In the early years, he could still drive and bless him function at a process level (washing up, folding laundry, doing a little gardening) , eating on his own, helping around our home. We made sure he had plenty of exercise and when he started getting lost, I hired walkers to go with him when I could not. (12 to 15 hours each week of strenuous exercise). The trials he uses are less and less challenging but he is still walking. We used Aricept in the the early years, and he participated in two Novartis clinical drug trials.
But the disease is progresses and it will have its way ....but there has been plenty of joy along the way.
I am grateful to the advice I have received early on about finding and getting helpers to assist and relieve me with his care.
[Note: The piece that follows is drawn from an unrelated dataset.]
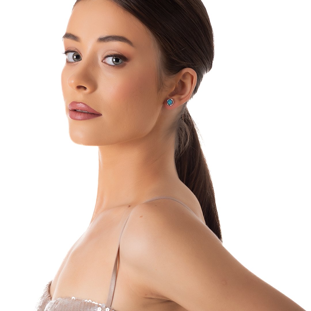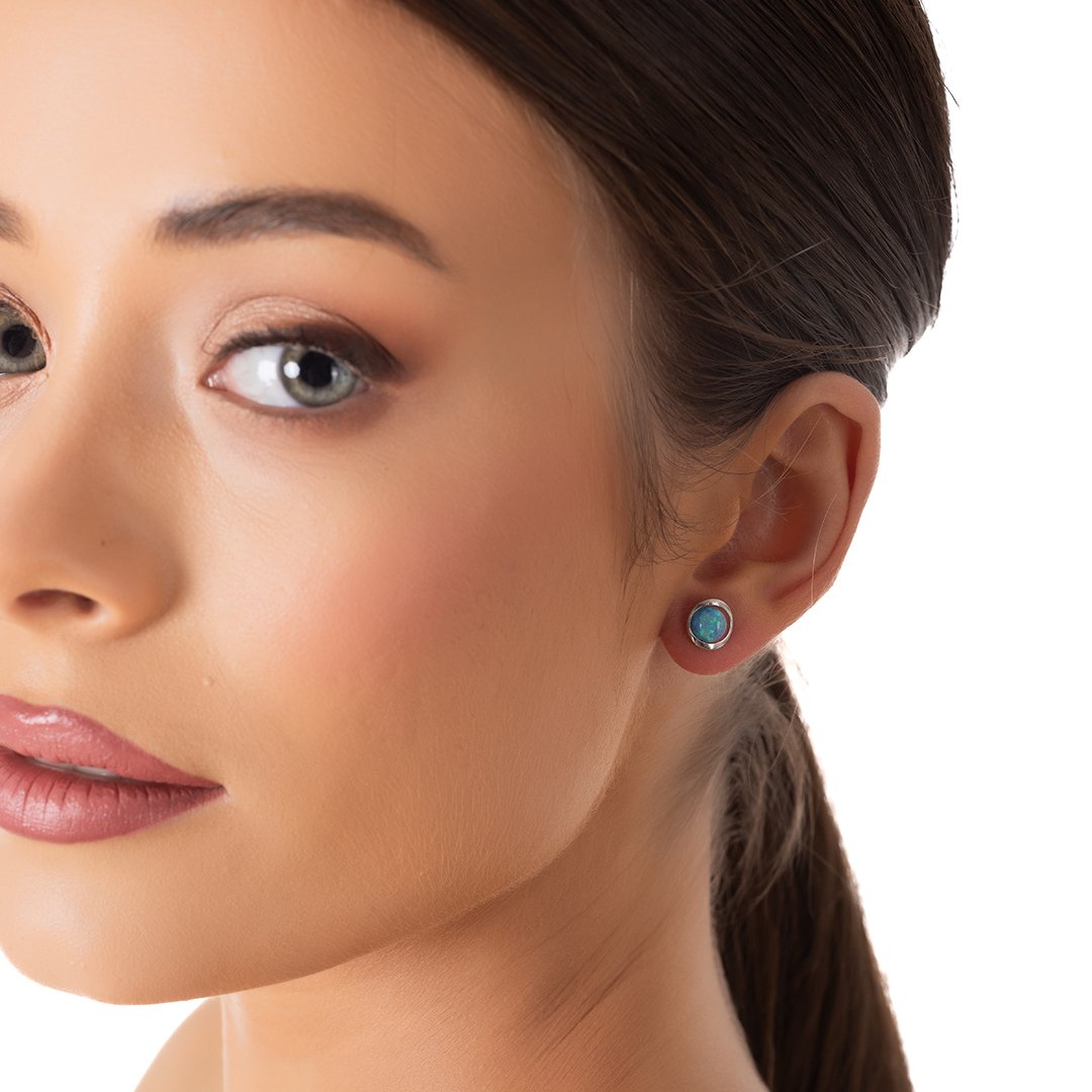 Oxzen ασημένιο σκουλαρίκι καρφωτό με οπάλιο

People to help with the walking have changed into people who can help with the physical caring and provide me with relief so that I have been able to continue to have a life outside my relationship with him. Luckily , he was accustomed to the idea of staff so never rejected individuals who have been vital to him staying at home with me. I could not do everything without all the help I receive.
I am blessed in that his family of origin have been loving and as supportive as they can be from the UK. And to our two children who live near by who are also caring and supportive. It is more difficult for the two kids abroad but they do their best to stay in contact.
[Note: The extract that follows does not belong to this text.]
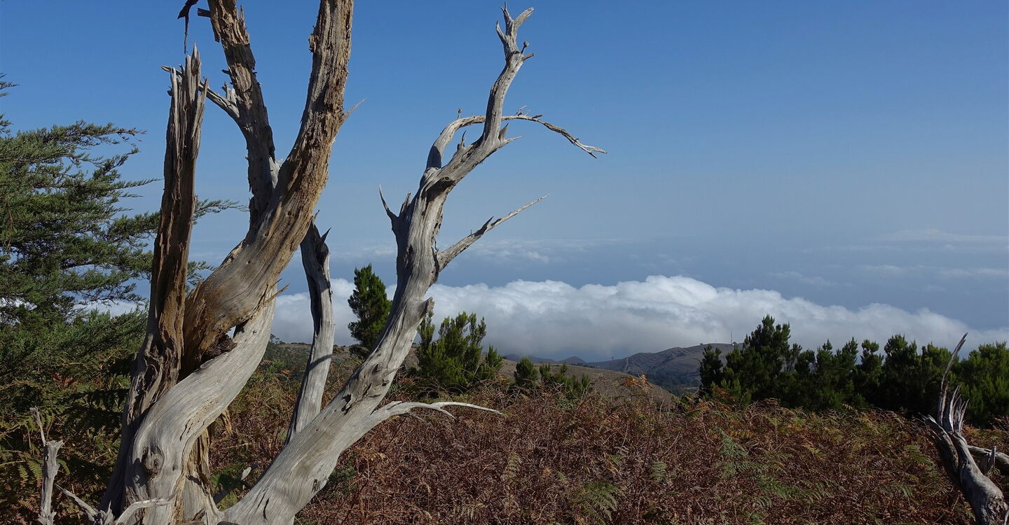 Es folgt ein landschaftlich sehr schönes Wegstück durch einen wohlriechenden Kiefernwald und vorbei an einem künstlich angelegten Wasserreservoir. Der Pfad endet an einer (02) Kreuzung (1047 m), wir gehen geradeaus weiter, auf einem Pfad links entlang einer Mulde. Am Ende der Mulde gehen wir bei der Weggabelung halb rechts, vorbei an Zedernwacholderbäumen. Die Piste wird zu einem mit großen Felsen gesäumten Pfad. Vorbei geht es an einer kleinen Staustufe und durch ein Waldstück, bis wir die Piste erreichen. Nachdem wir 215 m auf dieser bergauf gegangen sind, halten wir uns bei der darauffolgenden Weggabelung halb rechts und ignorieren den linken Abzweiger zum Heiligen Baum Arbol Garoe.

Today, he is completely dependent. He needs help dressing, cutting up and eating his food, understanding where he is in the house, where to sit in a room, but he can still walk and is physically pretty darn fit. He goes to daycare two days each week. (His brother and sister in law generously fund one day a week at the moment...not forever but this year, which is a great gift for me and for him as he is surrounded by patience kind understanding professionals) he does not speak much and struggles with language, but can still make himself understood most of the time.
Last week, we went to Italian lakes, I took with us a young woman from Windsor ( who now lives here) who has been helping me care for him at home. We had a wonderful time and I had some companionship in the evenings ...someone to play games with, someone to talk to me and enjoy the views. We took the train and I would not have been able to do this without a carer coming with me. It was quite wonderful.It can be tricky keeping an eye on Nick as he no longer always recognizes me and will wonder off and follow anyone who is around him. So busy public tourists places can be stressful for me as I must always be alert to exactly where he is. But with the carer it was very pleasant. I was more relaxed knowing there were two of us.
He did pretty well with all the strangeness and when he just got too super anxious in the evenings, I gave him his medication Dipiperon. I do not give it everyday only when he is seriously disturbed or anxious. It changes in the past there were days when he needed it to relax and sleep, Things change and at the moment he does not often require such medication, but I am not afraid to use when I think he needs it. It has been helpful over the years.Twice in nine days of holiday....pretty good I think. There were weird things like he would not sit on the balcony, it made him nervous and frightened...no matter what we did. His perception is not what it was and he often has concerns about heights these days.
@northumberian_k –Enjoy your Chicago trip. I want to take a trip all on my own, I will try to make the arrangements but that is an expensive undertaking and I am not sure when I will get a chance to travel completely alone again. I went to Copenhagen last summer for three days alone....and it worked out. But I would like to travel to the USA and it would mean a longer journey and longer time away which is costly. So, I am not sure when I will visit my homeland again….
@HopeAndStrength, @Lilstar
My hubby and I are many years into his diagnosis...17 to be exact. My hubby was 49 and is now 66. ON the outisde he is still a handsome man, well turned out, manicured and smart looking guy and looks so fit. But only a brief moment of closer inspection, then outsiders realize there is very little left of this man mentally.
Since the diagnosis, all four kids have graduated from university , 2 weddings, and 7 grandchildren.Our youngest child was 11 at diagnosis.
The first years, I was so angry about everything, particularly the change in lifestyle and irrationally felt abandoned by him. Life is definitely different from what my expectations were before this disease. But those feelings and issues passed and we just kept living one day at a time.
In the early years, he could still drive and bless him function at a process level (washing up, folding laundry, doing a little gardening) , eating on his own, helping around our home. We made sure he had plenty of exercise and when he started getting lost, I hired walkers to go with him when I could not. (12 to 15 hours each week of strenuous exercise). The trials he uses are less and less challenging but he is still walking. We used Aricept in the the early years, and he participated in two Novartis clinical drug trials.
But the disease is progresses and it will have its way ....but there has been plenty of joy along the way.
I am grateful to the advice I have received early on about finding and getting helpers to assist and relieve me with his care. People to help with the walking have changed into people who can help with the physical caring and provide me with relief so that I have been able to continue to have a life outside my relationship with him. Luckily , he was accustomed to the idea of staff so never rejected individuals who have been vital to him staying at home with me. I could not do everything without all the help I receive.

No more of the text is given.